1. Introduction: Large-scale field experiments

Even though experimentation is the heart of science, large-scale manipulative field experiments are unusual in forestry and ecology. Nevertheless, they are critically needed to improve environmental management and policies (Carpenter 1998). In such experiments, the treatment unit is large enough to include the relevant physical, chemical, and biotic context of the processes being studied. Because the large-scale context is designed into the experiment, results can be directly interpreted at the scale of management that produced the manipulation (Carpenter 1998). In contrast, comparative or retrospective studies examine context without direct manipulation or control of key factors, and small-scale experiments study mechanisms out of context (Carpenter 1998).

In all experiments the goal is to reduce the number of competing hypotheses and make correct population inferences by controlling important factors, using the classical methods of randomization, replication, and controls due to Fisher (1925). Manipulative experiments, if properly designed and executed, can identify a causal link between a manipulated variable and some measured response (Tilman 1989). Observational, correlative studies cannot, nor can chronosequences. Although the theoretical advantage of large-scale manipulative experiments is great, a plethora of problems awaits the experimenter at the large scale.

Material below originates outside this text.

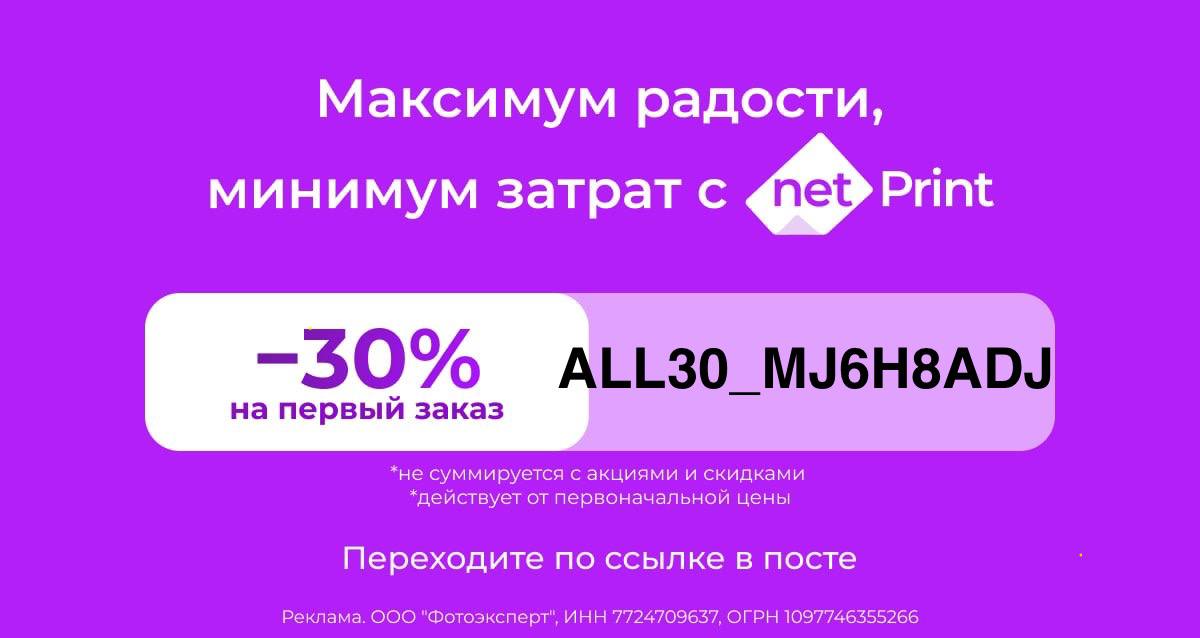 Промокод дает право скидки 30% на первый заказ в «Нетпринт».
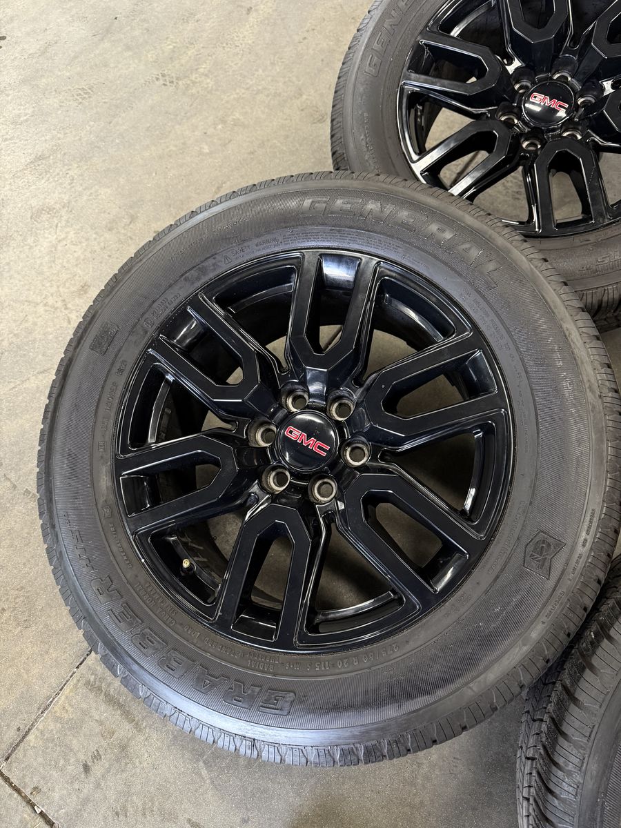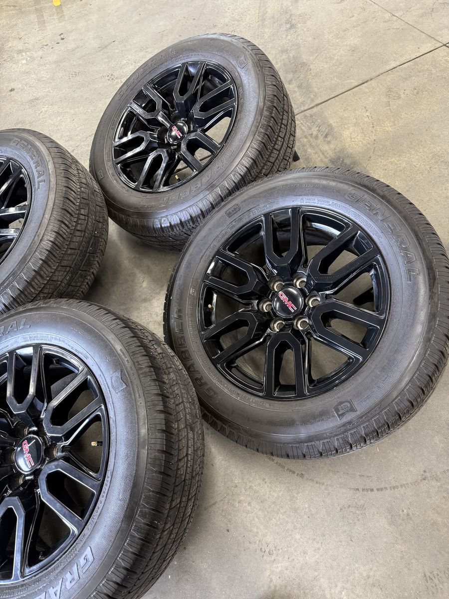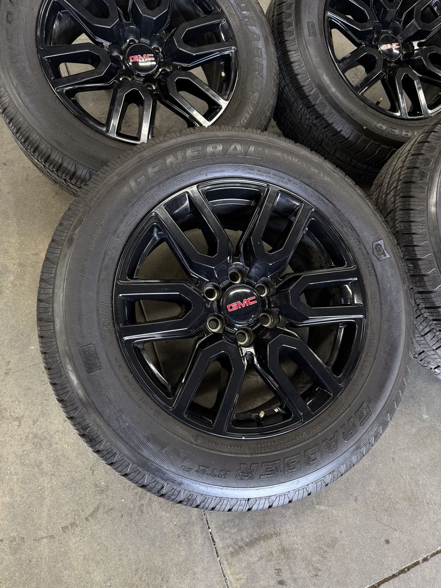 Wheels are 20in OEM wheels off a 2023 GMC 1500 at4 package. Wheels are in amazing shape, no curb rash or major damage, all of the wheels are in like new shape, and look great, all of the center caps as well as lugs are also included. Tires are 275/60/20 general grabber tires, amazing performing tires, no patches or plugs in them, all of the tires are in great shape, only 1500 miles on them so they are in like new shape.

Hurlbert (1984) rattled a hornet’s nest by pointing out the prevalence of pseudoreplication in field ecology, and that it invalidated statistical inference. Replicates that are not independent are pseudoreplicates, which artificially increase sample size, bias hypothesis tests, and give a false sense of the power of the test of the experiment (Hurlbert 1984). In short, the strength of the experimental evidence is overstated (Hargrove and Pickering 1992). Although the existence of a spatial environmental gradient is a common cause, a more serious cause rests with the scientist: poor experimental design or execution, and improper statistical analysis (Hargrove and Pickering 1992). Repeated measurements over time also are pseudoreplicates because they are not independent, although sound statistical methods are available for accounting for the time dependency (e.g., Proc MIXED in SAS version 8.1; SAS Institute, Cary, NC).

Randomized block designs (Fisher 1925) are an excellent tool for countering spatial pseudoreplication. Blocking ensures that treatment units are interspersed rather than segregated, replication increases the precision of the estimate, randomization eliminates possible bias and improves the accuracy of the estimate, and controls provide the proper treatment difference.

As we move to broader scales with experimentation, control over individual variables becomes increasingly difficult, true replication becomes almost impossible, covarying factors confound the treatment effects, and the results of an experiment become difficult to interpret (Hobbs 1999; Wiens 1999). As the size of experimental units increases beyond small ecosystems to include entire landscapes, the logistics of experimental manipulation requires some separation over time, creating temporal pseudoreplication. The alternative is to closely space the treatments, which creates spatial pseudoreplication. Because of this dilemma, Hargrove and Pickering (1992) conclude that pseudoreplication is almost inevitable in landscape ecology and in experimentation at broad scales. Because of the difficulty of controlling factors over a large scale, confounding factors threaten to swamp out treatment response even in well-designed experiments.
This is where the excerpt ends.